Beste leerling, Dit document bevat het examenverslag van het vak Economie vwo, tweede tijdvak (2014). In dit examenverslag proberen we zo goed mogelijk antwoord te geven op de volgende vraag: In hoeverre was het examen te maken met behulp van de op de cursus behandelde kennis & vaardigheden? Om een zo duidelijk mogelijk verslag te maken, hebben we de examenvragen onderverdeeld in 4 categorieën. I. Algemene (niet vakgerelateerde) kennis & vaardigheden II. Alleen-kennis/aanpak-uit-de-cursus-vraag III. Een-stapje-extra-vraag.

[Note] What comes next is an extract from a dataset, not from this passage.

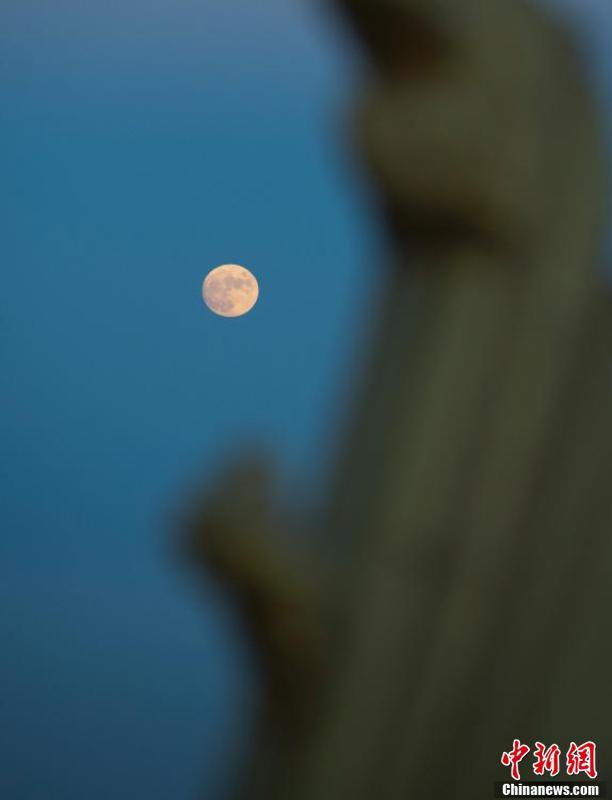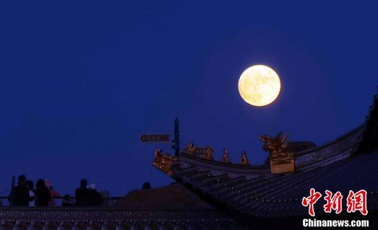 9月20日,四川峨眉山天气晴好,一轮明月在晚间慢慢升起,“悬挂”在峨眉山金顶之上,吸引游客观赏。 中新社记者 刘忠俊 摄
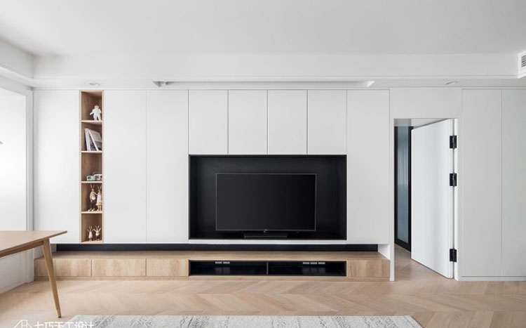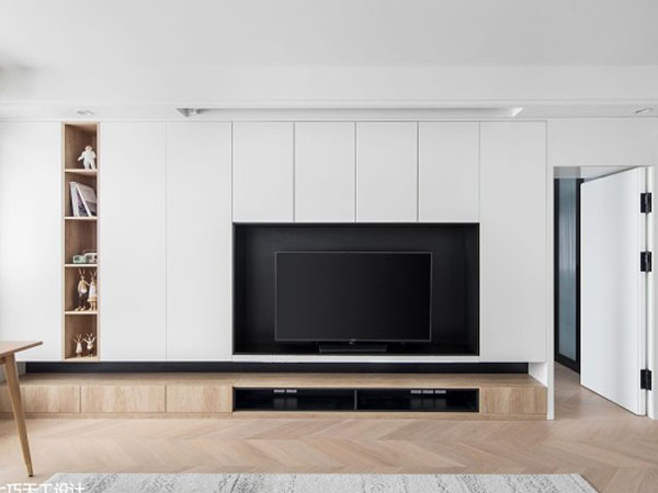 1. 在客廳電視背景墻的位置定做整面通高柜體增加儲物,主臥以隱形門的形式進入。

IV. Niet voorgekomen in de cursus De eerste categorie doet een beroep op algemene basisvaardigheden, welke we bekend veronderstellen. Categorie II en III zijn vragen die op te lossen zijn met de kennis en vaardigheden die je op de cursus geleerd hebt. De laatste categorie vragen is op de cursus niet aan bod gekomen. In bijlage 1, achteraan dit document, vind je een nadere toelichting op deze categorieën. Het is belangrijk om te beseffen dat deze categorieën niets zeggen over de moeilijkheidsgraad van een vraag. Een vraag die rechtstreeks op te lossen valt met kennis en vaardigheden uit de cursus (categorie II) kan best een pittigere opgave zijn dan een vraag die niet is voorgekomen tijdens de cursus (categorie IV).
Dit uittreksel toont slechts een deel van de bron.